- **AIM OF THE TASK**
Given the material below, output exactly the lines from the line with "Desenho de urso" to the line with "Unihoh 300 LEDs", both ends included, and no other lines.

- **DATA FOR ANALYSIS**
•••

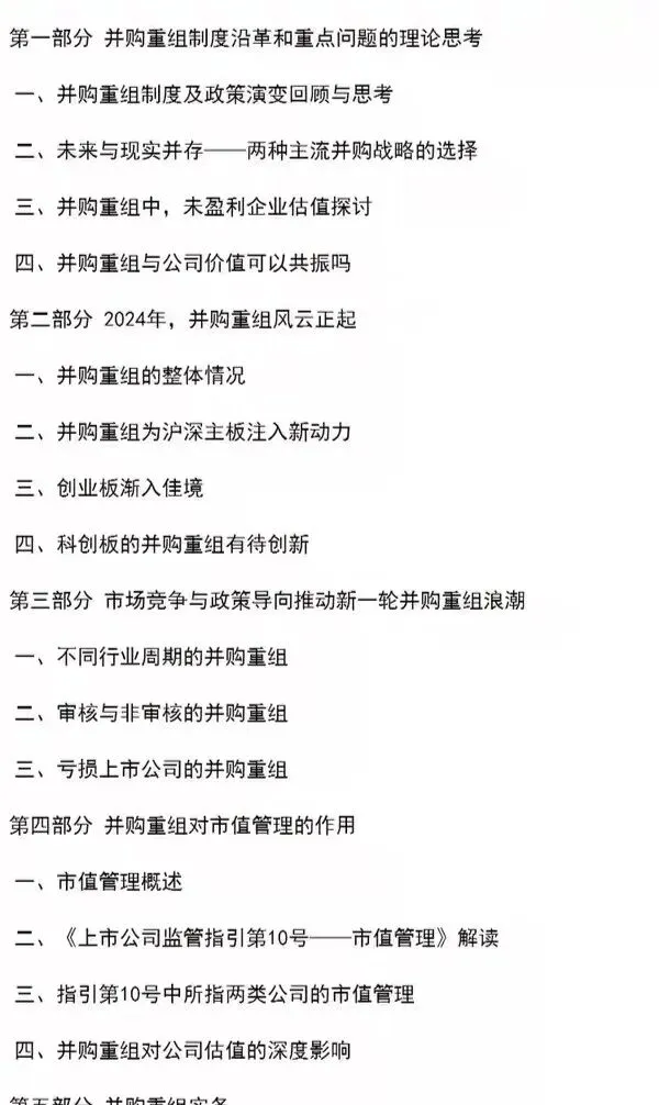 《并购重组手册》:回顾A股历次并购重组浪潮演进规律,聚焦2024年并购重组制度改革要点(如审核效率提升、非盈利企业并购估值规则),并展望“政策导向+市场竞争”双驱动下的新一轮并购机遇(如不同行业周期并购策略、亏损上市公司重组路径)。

•••

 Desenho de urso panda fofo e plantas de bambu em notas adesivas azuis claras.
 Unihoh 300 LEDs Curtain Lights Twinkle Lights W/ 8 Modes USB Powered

•••

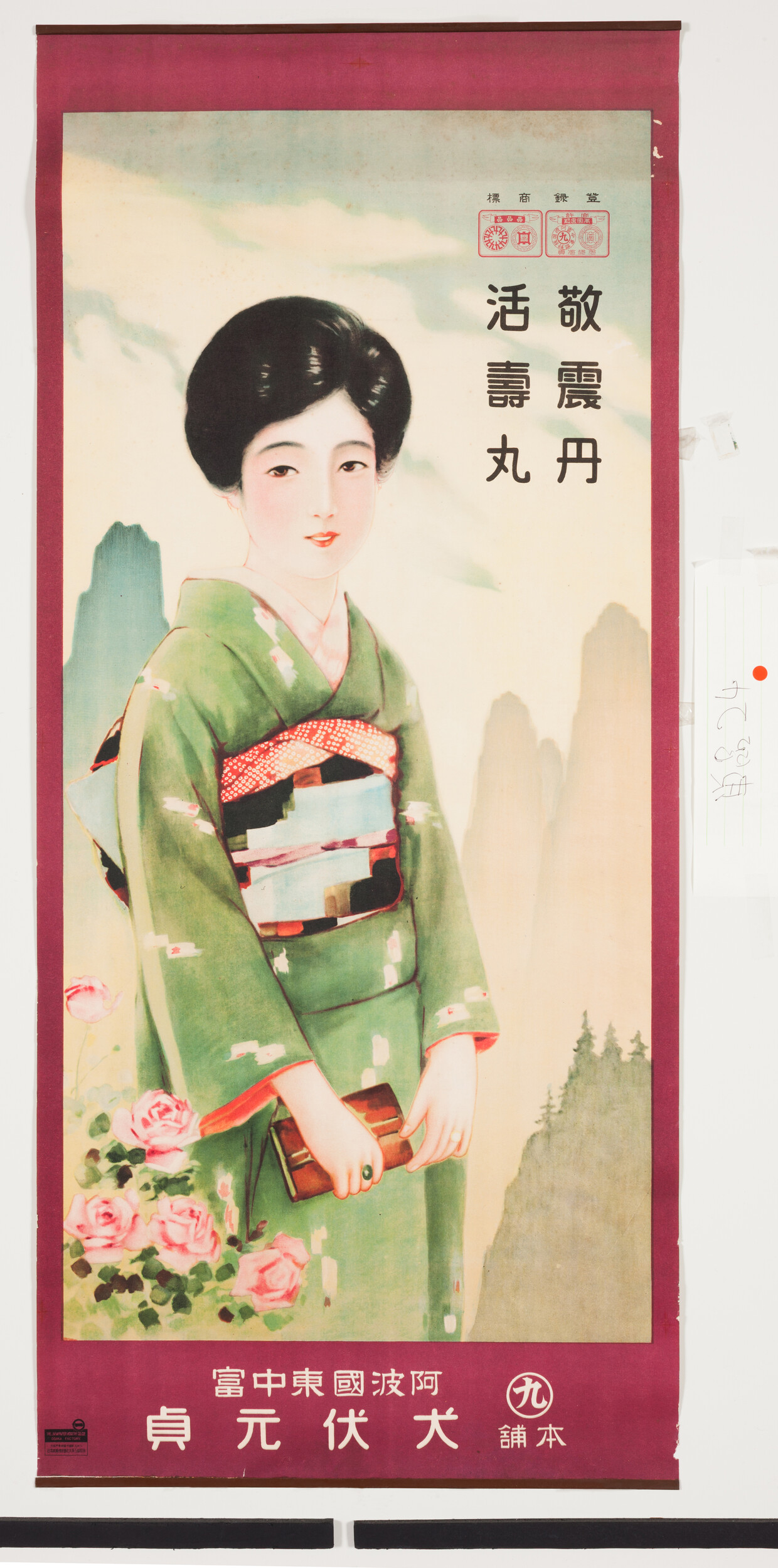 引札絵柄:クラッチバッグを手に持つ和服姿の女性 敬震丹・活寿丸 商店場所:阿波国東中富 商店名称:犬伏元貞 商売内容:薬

•••

- **ANSWER TO THIS PROBLEM**
 Desenho de urso panda fofo e plantas de bambu em notas adesivas azuis claras.
 Unihoh 300 LEDs Curtain Lights Twinkle Lights W/ 8 Modes USB Powered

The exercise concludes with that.